__Data__:
*-*-*

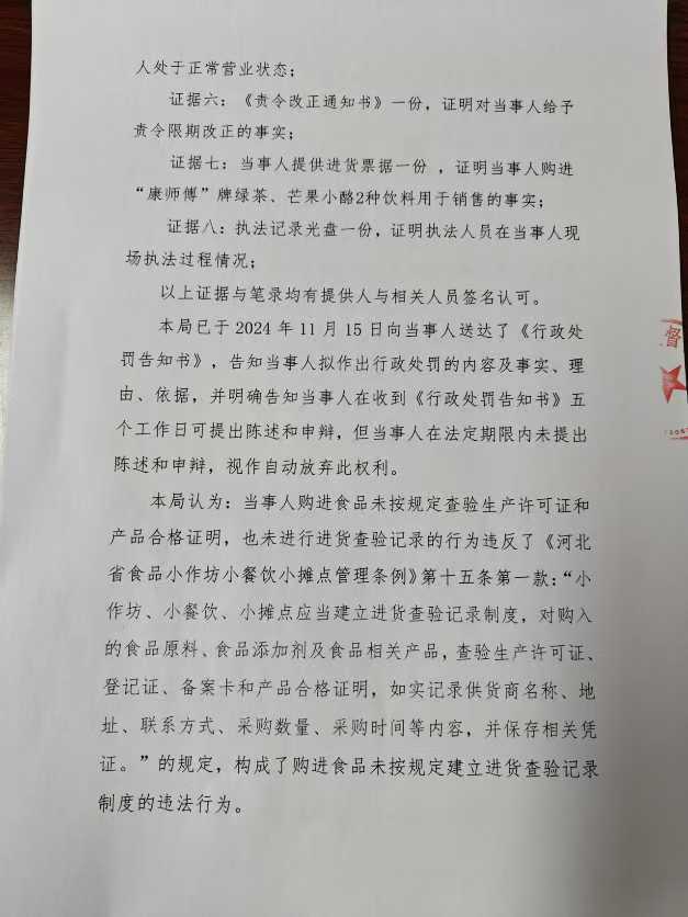 涞市监 〔2024〕泉坊44号涞源县勇哥小吃店购进食品未按规定建立进货查验记录制度案
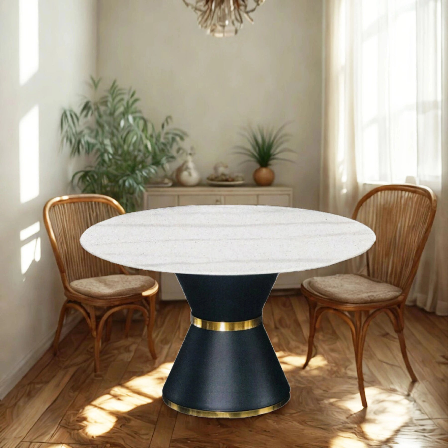 KAELLA Marble Dining Table with white sintered stone top, black hourglass metal base, and gold trim - modern luxury dining furniture - Td Furniture
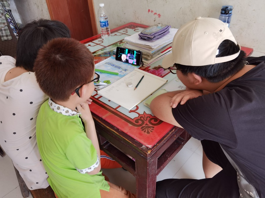 今天一队成员依旧于八点半来到小慧同学家,昨天已为小慧同学解开了心结,今天的辅导过程便安心了很多,成员们从始至终都能感受到小慧内心的快乐。这些困境儿童的家庭很脆弱,他们的心灵也很脆弱,这就更需要志愿者们的疏通开导。
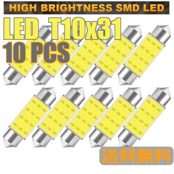 - 「送料無料」10個セット/ LED T10 x 31mm, COB 7000k C5W C10W, ホワイト,車内灯,ウインカーランプ/ 高耐久,低消費,長寿命 rs

*-*-*

__Assignment__: From the first line to the last, retype the data above exactly, but not its images.

__Output of the exercise__:
 涞市监 〔2024〕泉坊44号涞源县勇哥小吃店购进食品未按规定建立进货查验记录制度案
 KAELLA Marble Dining Table with white sintered stone top, black hourglass metal base, and gold trim - modern luxury dining furniture - Td Furniture
 今天一队成员依旧于八点半来到小慧同学家,昨天已为小慧同学解开了心结,今天的辅导过程便安心了很多,成员们从始至终都能感受到小慧内心的快乐。这些困境儿童的家庭很脆弱,他们的心灵也很脆弱,这就更需要志愿者们的疏通开导。
 - 「送料無料」10個セット/ LED T10 x 31mm, COB 7000k C5W C10W, ホワイト,車内灯,ウインカーランプ/ 高耐久,低消費,長寿命 rs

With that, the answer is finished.